Управляющий даже отшатнулся.
– Да, капитан. Сию минуту, капитан.
Кингдон вернулся к Тессе, красной до ушей.
– Вообрази, что нашему прадеду принадлежал и этот кусок земли. И веди себя соответственно, – посоветовал ей он. – Выше голову! А то ведь я могу сказать им всем, кто твой отец.
Она вымученно улыбнулась.
Через пять минут управляющий проводил их в просторную комнату с окнами, выходившими на залив. По синей воде проплывали белые треугольники парусов.
– Надеюсь, вам здесь понравится, капитан, – сказал управляющий и, видимо, в отместку, выразительно посмотрел сначала на Тессу, а потом бросил взгляд на открытую дверь соседней спальни.
Кингдон опустил свой портфель на пол, быстро подошел к управляющему и схватил его за петлицу. Его остановил голос Тессы:
– Спасибо за цветы, – мягко сказала она. – Они очаровательны!
Управляющий выскочил за дверь со словами:
– В знак уважения от администрации нашего отеля.
Кингдон вернулся к Тессе.
– Какие цветы?
Она показала на вазу с высокими красными розами.
Глубоко и прерывисто вздохнув, он сказал:
– В следующий раз, черт возьми, не забудь прихватить из дома корзинку с едой.
Это была шутка, но они не рассмеялись.
2
В портфеле Кингдона лежали две бутылки шампанского, которые он предусмотрительно припрятал в кабине самолета. Вино было теплое, оно забродило, и пробки вылетели пулей.

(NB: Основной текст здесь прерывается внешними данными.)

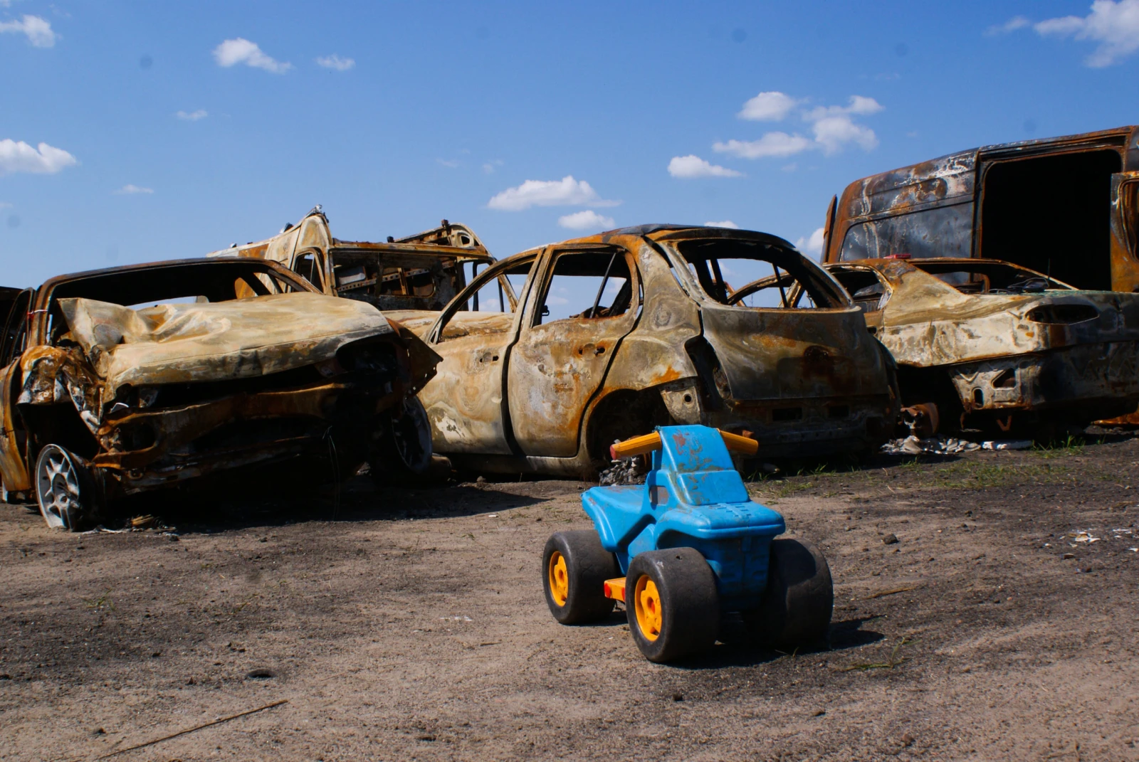 Ceux qui sont de retour — environ la moitié des 60 000 habitants de la ville — se pressent sur un parking où les véhicules détruits ont été entreposés, pour tenter de retrouver les restes de leur voiture, au mieux criblée de balles, au pire calcinée. C’est la même odeur âcre de taule brûlée qui s’empare d’un terrain vague de la ville martyre de Boutcha. À quelques centaines de mètres de l’église orthodoxe St. Andrew, dont les jardins ont servi de charnier au cours de l’occupation russe, un fils prend la pose, fier, devant l’appareil photo de son père, debout sur un char ennemi. Enfin vient Hostomel, capturée dès les premiers jours de la guerre par les troupes du Kremlin, pour bénéficier de son aéroport en vue d’un assaut sur Kyiv. Là, les employés communaux sont déjà à pied-d’oeuvre pour refaire les routes sous un soleil de plomb. « Ici, la zone est sécurisée, précise l’un d’eux. Maintenant vient le second défi : reconstruire. Les routes et ponts en priorité. Ce ne sera pas le plus difficile. »

Одним махом он опрокинул высокий стакан, который отыскал в ванной. Управляющий разбередил то, что дремало в подсознании Кингдона. «Платоническая дружба, как же!» – думал он. Каждый приход официанта с тележкой раздражал его. Его раздражало и молчание Тессы. Налив себе стакан шампанского из второй бутылки, он заметил:
– За последние четверть часа ты не сказала ни слова.
– Ты тоже.
– Это все из-за грязных намеков этого негодяя. Почему ты остановила меня, когда я хотел его придушить? Меня бы оправдали.
– Надо запереть дверь.
Он метнул на нее острый взгляд. Она покраснела еще больше и крепче сжала в руке чашку кофе.
– Отлично! – воскликнул он. – Ты прямо на лету подхватываешь мысли этого гостиничного сутенера!
– Его слова были ужасны. Но справедливы. Я думала об этом всю неделю. – Ее и без того тихий низкий голос был сейчас едва слышен. – Всю неделю... ты, Кингдон, вел себя очень осторожно и ни разу даже не дотронулся до меня. Почему?
Он не хотел отвечать. Его ответ поставил бы точку на всех его переживаниях, связанных с Тессой. Полюбив ее, он не боролся со своим чувством, пока не увидел Тессу в неясном свете в окне ее спальни. До того дня его любовь сдерживали мысли о возможной импотенции после ранения. Но стоило увидеть ее в окне в тот пасмурный день, как плотина рухнула. Он возжелал запретный плод. «Даже забыв о том, как она трепетала в моих объятиях, – думал он, – я вспоминал бы о чем-нибудь другом. О случайном прикосновении к ней, невинном поцелуе в щеку. Возможно, я сумел бы понравиться дорогому дядюшке или привести ее в Орлиное Гнездо... Боже, что тут такого? Я хочу ее! Почему я не могу просто взять то, что хочу?»
Вот тут-то и замыкался круг. Он и так знал, что она девственна. И знал, что если он, женатый человек, овладеет ею, то поступит нечестно по отношению к ней, любимой.
– Ты говорил, что... что у тебя были другие девушки.
– Целая куча, я ведь женат!
– Я знаю, – сказала она, поднимая на него несчастный взгляд. – Лайя. Поэтому я и не хотела встречаться с тобой.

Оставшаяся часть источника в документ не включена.